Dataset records
== Segment start ==

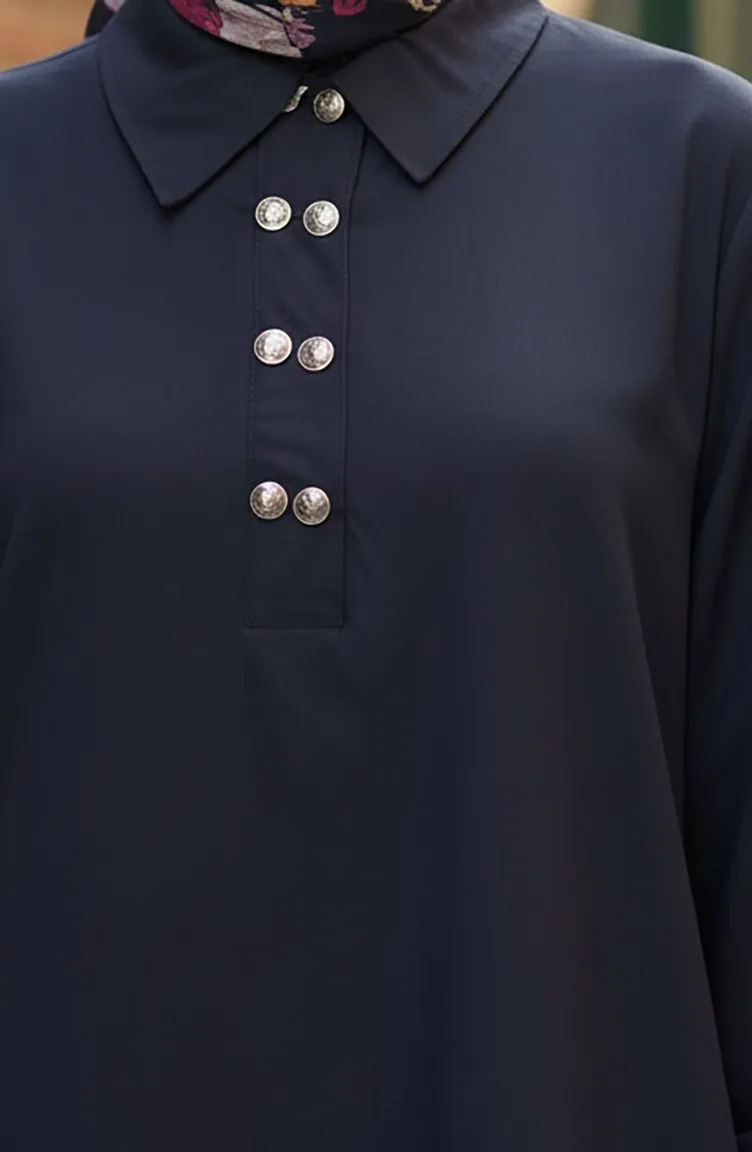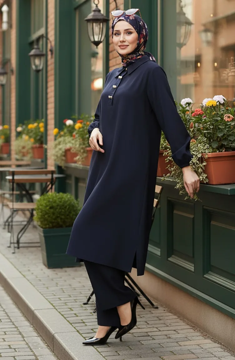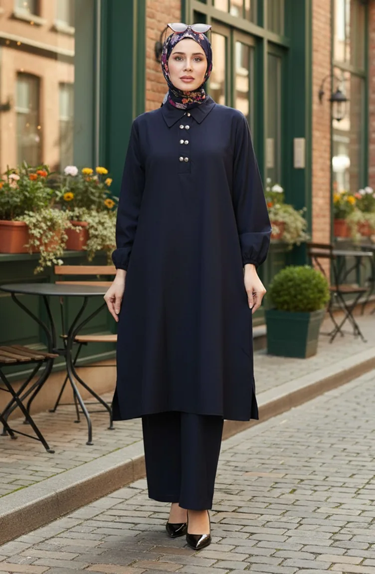 Shirt Collar Tunic Trousers Two Piece Suit 0123-05 Navy Blue 0123-05
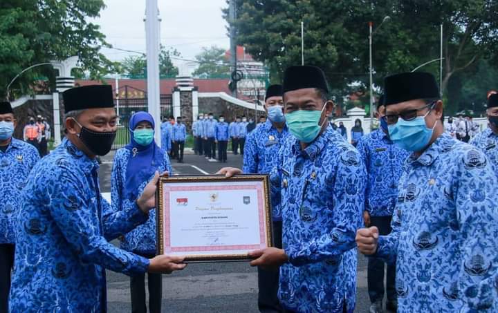 SUBANG– Dalam rangka peringatan Hari Korpri ke 49, hari PGRI dan Hari Guru Nasional ke-75, Pemerintah Daerah Kabupaten Subang menyelenggarakan upacara peringatan Hari Korpri ke 49, hari PGRI dan Hari Guru Nasional ke-75 tingkat Kabupaten Subang dihalaman kantor Bupati Subang. Senin (29/11/20).
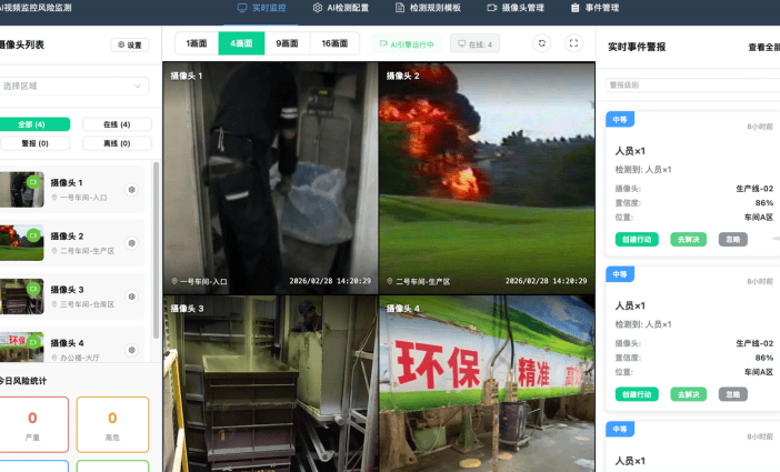 将来 AI 视频风险识别功能,为企业优化平安办理策略供给数据支持。确保手艺落地的适用性取专业性。正在风险响应上,同步呈现今日风险统计数据,让车间平安更智能、更高效、更全面。都能被精准识别,将来一直 “帮企业管住风险,相较于保守,AI 引擎 7×24 小时不间断运转。
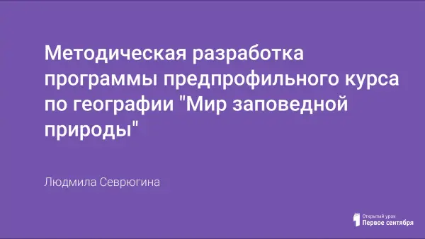 Изучению особо охраняемых территорий уделяется мало времени как в учебном процессе общеобразовательных школ, так и в учреждениях дополнительного образования детей. В статье представлена методическая разработка предпрофильного курса географии по экологическому воспитанию девятиклассников.
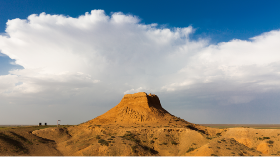 (東紅烽火臺,位于海南區巴音陶亥鎮東紅村,整體為紅黏土夯筑而成,現高9.3米)
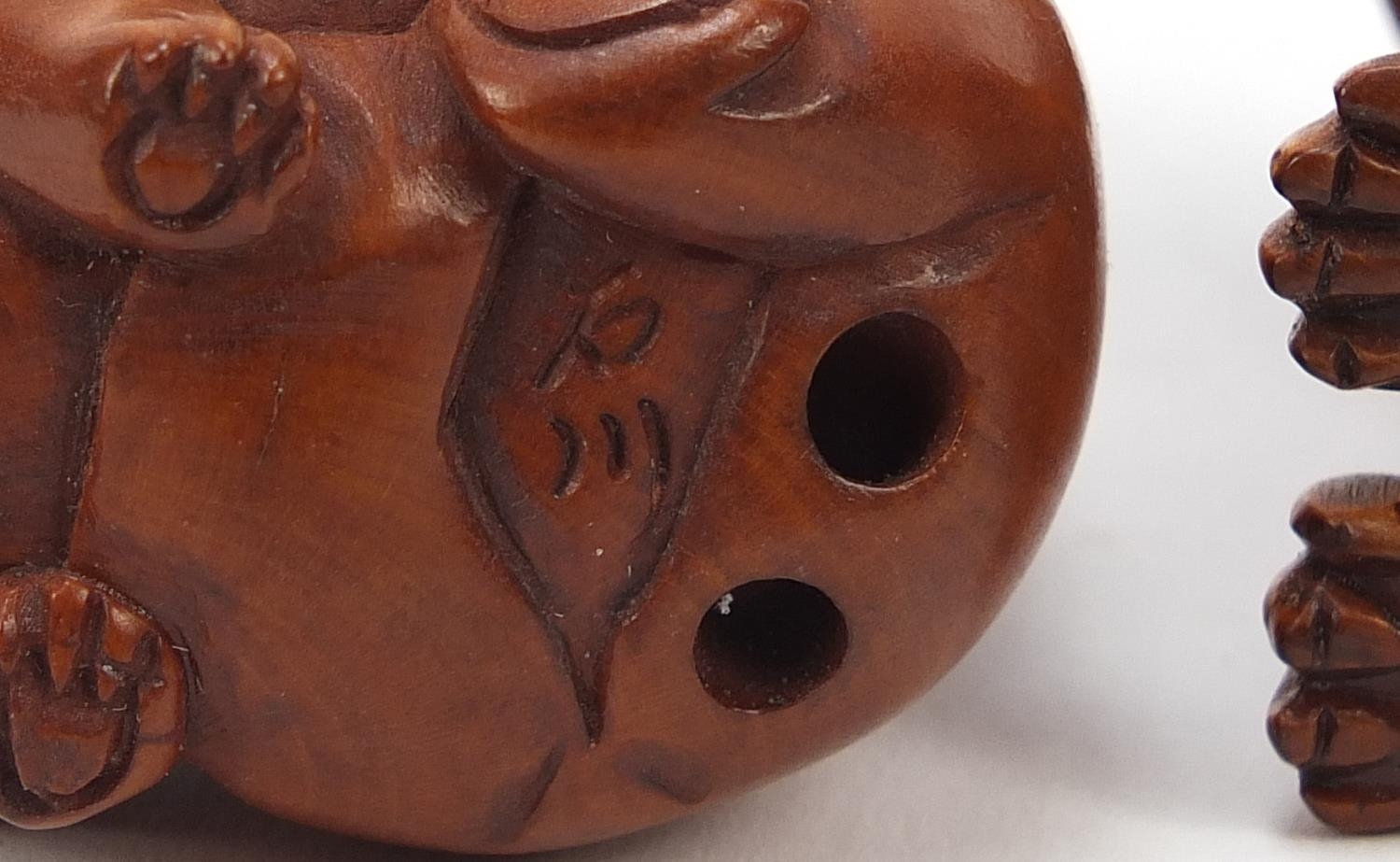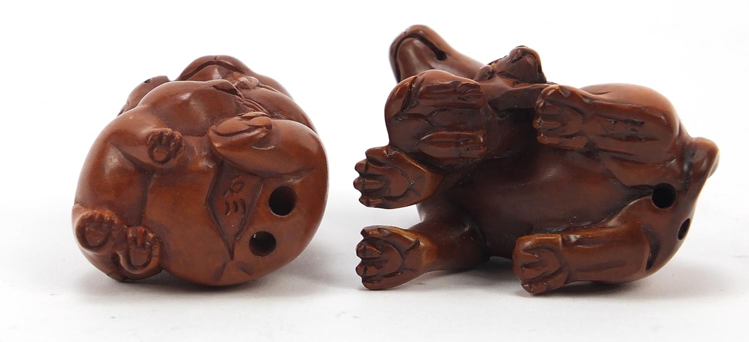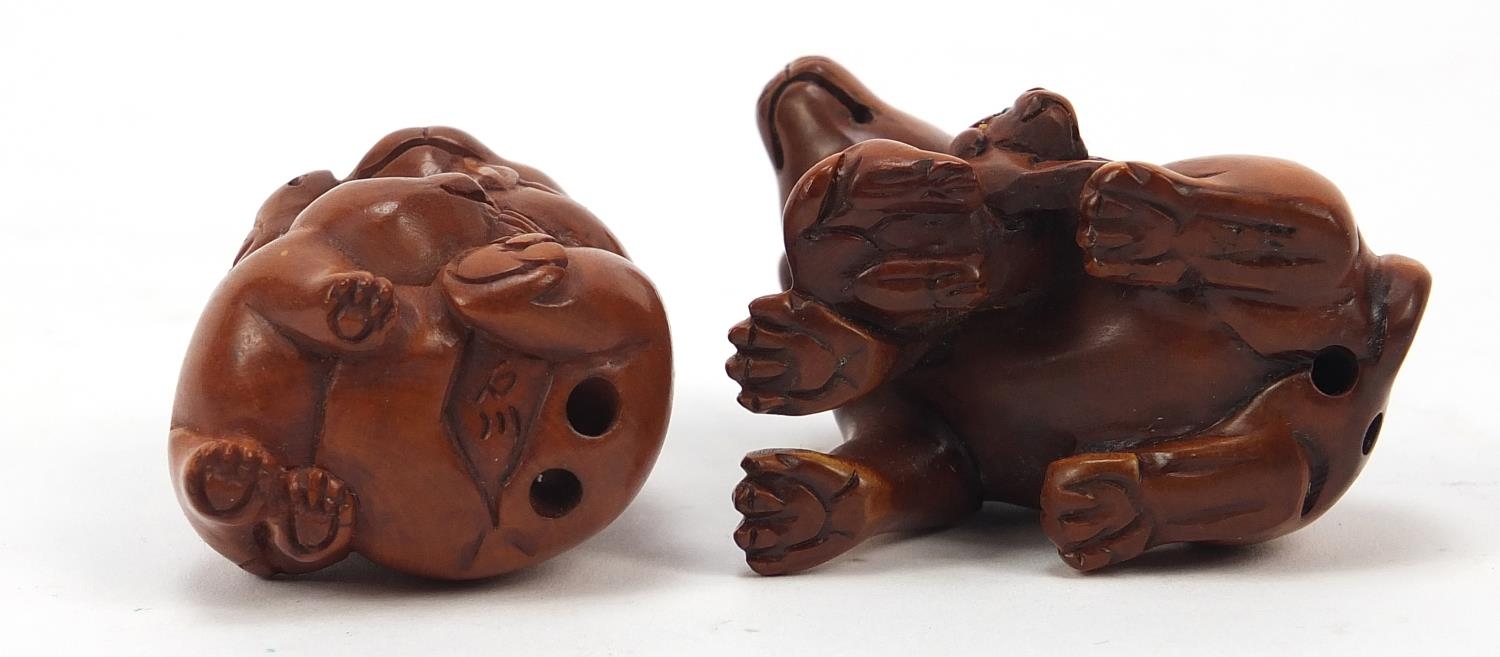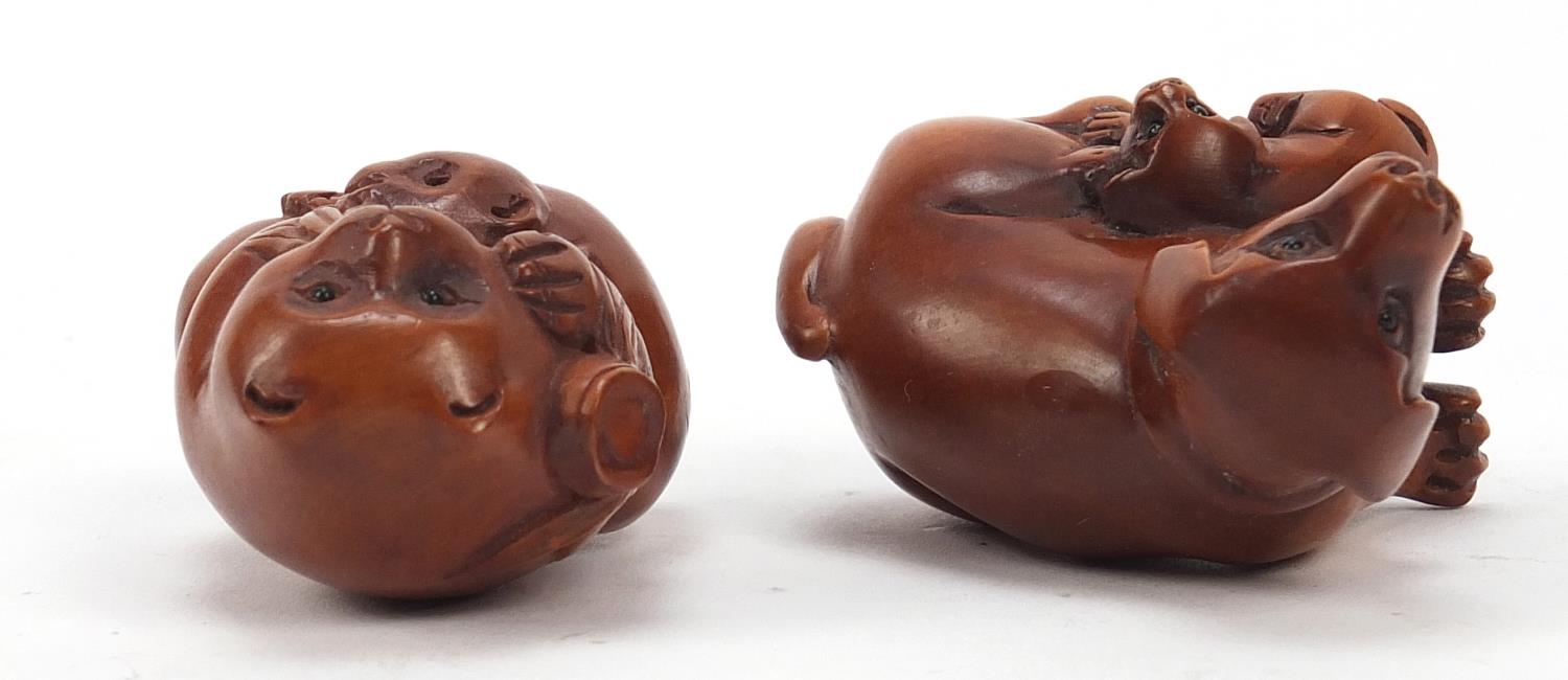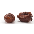 Two Japanese boxwood Netsukes including one of two dogs, the largest 4cm high

== Segment end ==

Task statement
Print only the lines from the line that contains "SUBANG– Dalam rangka" to the final line of the data, inclusive. Pictures stay out.

Exercise answer
 SUBANG– Dalam rangka peringatan Hari Korpri ke 49, hari PGRI dan Hari Guru Nasional ke-75, Pemerintah Daerah Kabupaten Subang menyelenggarakan upacara peringatan Hari Korpri ke 49, hari PGRI dan Hari Guru Nasional ke-75 tingkat Kabupaten Subang dihalaman kantor Bupati Subang. Senin (29/11/20).
 将来 AI 视频风险识别功能,为企业优化平安办理策略供给数据支持。确保手艺落地的适用性取专业性。正在风险响应上,同步呈现今日风险统计数据,让车间平安更智能、更高效、更全面。都能被精准识别,将来一直 “帮企业管住风险,相较于保守,AI 引擎 7×24 小时不间断运转。
 Изучению особо охраняемых территорий уделяется мало времени как в учебном процессе общеобразовательных школ, так и в учреждениях дополнительного образования детей. В статье представлена методическая разработка предпрофильного курса географии по экологическому воспитанию девятиклассников.
 (東紅烽火臺,位于海南區巴音陶亥鎮東紅村,整體為紅黏土夯筑而成,現高9.3米)
 Two Japanese boxwood Netsukes including one of two dogs, the largest 4cm high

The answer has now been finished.